After Warhammer Online was canned earlier in the week, there seems to be a common theme emerging, implying inherent problems with MMORPG development. If developers let such ambitious projects become too big in their scope, it becomes unpractical and uneconomic to complete them. Microsoft seemed to have identified the same problem: "Things became very indefinite and worrying and we thought of delaying the game yet again, but we took the difficult step in ending development of the game."

However, it?s not all bad for MMORPG fans. In the answers detailed below, Microsoft has hinted it may be producing a similar project in the future.

Q: How far along in development was TFLO?

A: The virtual world of True Fantasy Live Online was relatively complete. It was a living, breathing virtual world by the time we concluded development.

The development of True Fantasy Live Online was a long, three-year endeavour for Microsoft. We were working very hard to get the game to our customers as soon as possible. However, when we were preparing the beta test program, we ran into problems in our efforts to build a stable online experience and were forced to make the regrettable decision to cancel development. Believe us when we say that it was a bitter decision to make considering the support you all gave us. We also housed deep love and attachment to the game.

Q: What was the most prudent reason for cancelling the development of TFLO?

A: Many online games suffer long delays in order to work out all problems of developing such a game. With that said, we became very concerned at just how long it would take to finally wrap up development. Things became very indefinite and worrying and we thought of delaying the game yet again, but we took the difficult step in ending development of the game.

Q: Can you say for certain that TFLO development is dead? Is there any chance in the future that development will continue again?

A: Development of the game ended when we announcement its cancellation. However, there is ongoing debate and discussion within our company, but we cannot tell the public anymore than that.

Q: Clearly you were having trouble developing this game, yet you continued with a full-fledged beta test application process.
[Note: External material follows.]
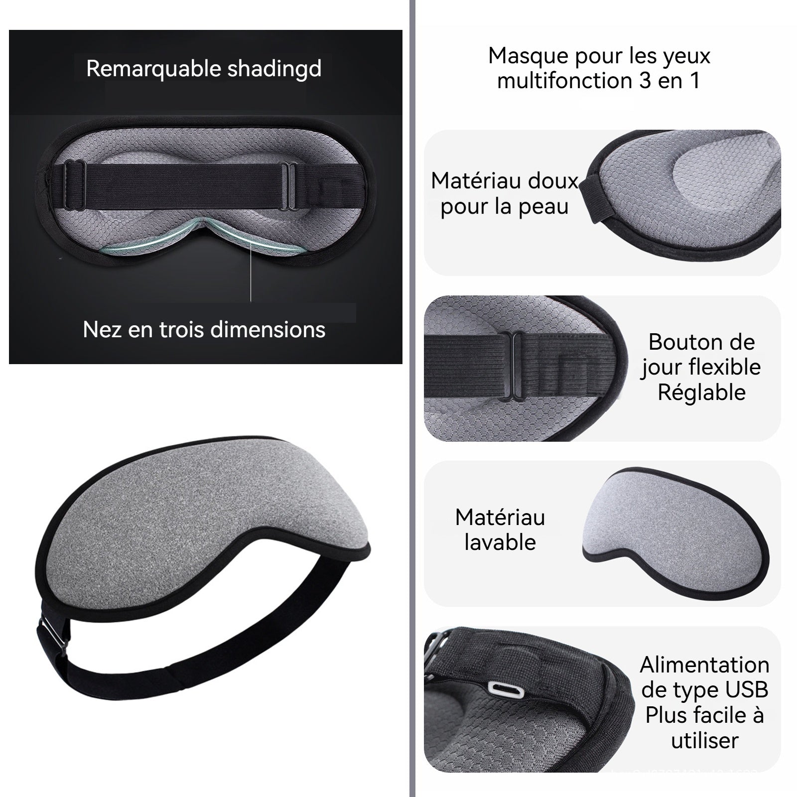 2. 3 réglages de température et de minuterie : Ce masque de massage chauffant pour les yeux dispose de 3 réglages de température, vous permettant de personnaliser votre propre spa oculaire pour répondre à vos besoins de sommeil.

Why is that?

A: When we began accepting applications for the True Fantasy Live Online's beta test program, we were deep in development of the game. It was not until afterwards when we investigated the game from a number of angles and decided to conclude development of the title.

Q: As for the TFLO properties you currently have (game world, characters, game interface, etc), is there any chance we'll see some remnants of it in the future? Perhaps in a different game?

A: As for saving the assets we have developed so far and using them in a future project, we really cannot disclose our internal discussions about this. However, the elements that people were excited for may be utilised at a latter date and in a different form.

Q: What can we get excited about now that True Fantasy Live Online is cancelled?

A: On July 17 in Harajuku, Tokyo, Microsoft Game Studios announced eleven new titles. Among those titles are three new role-playing games and Halo 2, which was awarded three Best of E3 2004 awards. We were also happy to announce a domestically developed title, Phantom Dust.

We are also working very hard to bring you a new Japanese-developed role-playing game to take the place of the now-defunct True Fantasy Live Online.

Q: Would you like to give us fansite owners a message to announce to our readers?

A: Again, thank you all for your incredible support of True Fantasy Live Online. All of us at Xbox Japan want to say how sorry we are to have made the decision to end development of the game. It was truly discouraging to end development of a game that came out of Japan and captured the attention of the world. However, we have heard the voices of the fans and that has made us work even harder at bringing you exciting titles in the future. We will work hard to better service you all in the future.


Brown Force 24 Jun 2004 12:07
Well even though I really wanted the game. I can understand why they cancelled it. It was just going to take too long to make it the way they wanted it and by the time it came out, chances are Xbox 2 would already be here. Its the downside of rushing the next Gen race I suppose.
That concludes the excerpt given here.